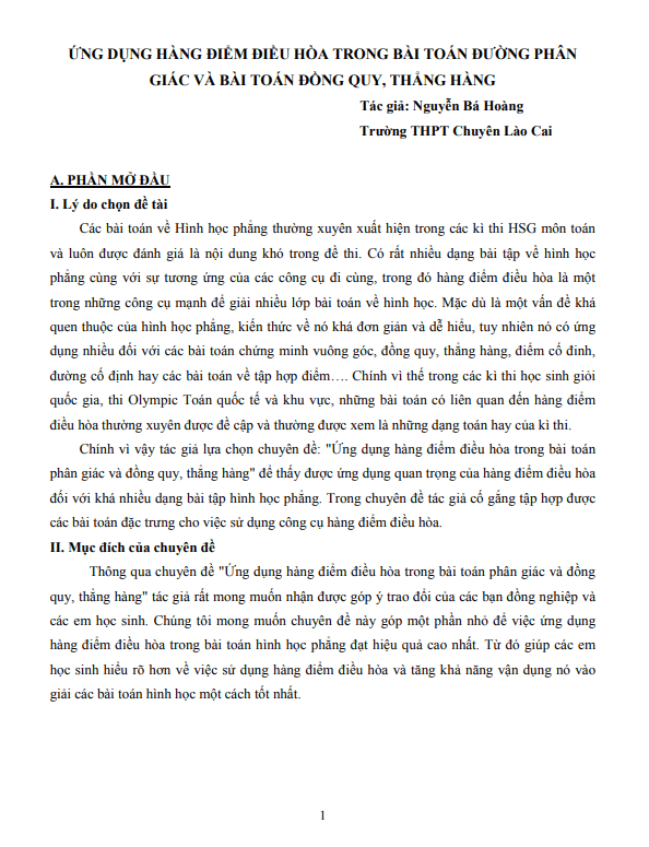 Phần mở đầu của tài liệu giải thích về lý do chọn đề tài là vì các bài toán về Hình học phẳng luôn là điểm khó trong các kỳ thi HSG môn Toán. Hàng điểm điều hòa là một công cụ quan trọng để giải quyết nhiều bài toán trong hình học phẳng. Tác giả mong muốn tài liệu này giúp học sinh hiểu rõ hơn về cách sử dụng hàng điểm điều hòa và áp dụng nó vào giải các bài toán hình học.
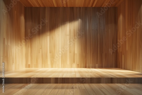 A stage with a smooth, light wood floor and a matching wooden backdrop, creating a warm, minimalist setting.
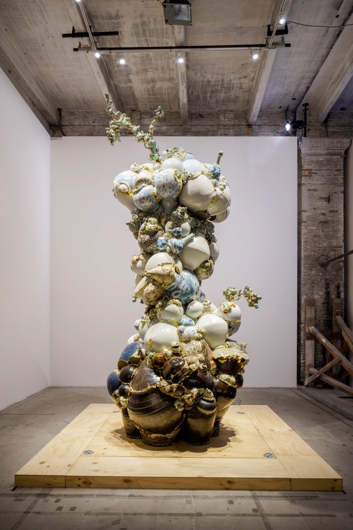 Chang’s intention, after the end of the exhibition, is to sink the sculpture into the Pacific, at the site of a former Chinese community on the California coast that was burned out by a White riot in the 19th century at the height of anti-Asian sentiment. Here is an art that refuses to be hoarded as treasure. This is a different kind of shipwreck — an intentional one, but one that also invokes the centuries-long entanglement between Western desire and Asiatic “goods,” both material and corporeal, from ceramic to spices to human labor. Chang’s ceramic memorial, though, aims to transform waste into birth, as it is meant, once sunken, to become a substrate for coral growth, to breed new, inhuman life.

_ _ _ _ _ _ _

WHAT THE TASK REQUIRES -
An unaltered copy of the material, without images, should be set down.

FINISHED TASK -
 Phần mở đầu của tài liệu giải thích về lý do chọn đề tài là vì các bài toán về Hình học phẳng luôn là điểm khó trong các kỳ thi HSG môn Toán. Hàng điểm điều hòa là một công cụ quan trọng để giải quyết nhiều bài toán trong hình học phẳng. Tác giả mong muốn tài liệu này giúp học sinh hiểu rõ hơn về cách sử dụng hàng điểm điều hòa và áp dụng nó vào giải các bài toán hình học.
 A stage with a smooth, light wood floor and a matching wooden backdrop, creating a warm, minimalist setting.
 Chang’s intention, after the end of the exhibition, is to sink the sculpture into the Pacific, at the site of a former Chinese community on the California coast that was burned out by a White riot in the 19th century at the height of anti-Asian sentiment. Here is an art that refuses to be hoarded as treasure. This is a different kind of shipwreck — an intentional one, but one that also invokes the centuries-long entanglement between Western desire and Asiatic “goods,” both material and corporeal, from ceramic to spices to human labor. Chang’s ceramic memorial, though, aims to transform waste into birth, as it is meant, once sunken, to become a substrate for coral growth, to breed new, inhuman life.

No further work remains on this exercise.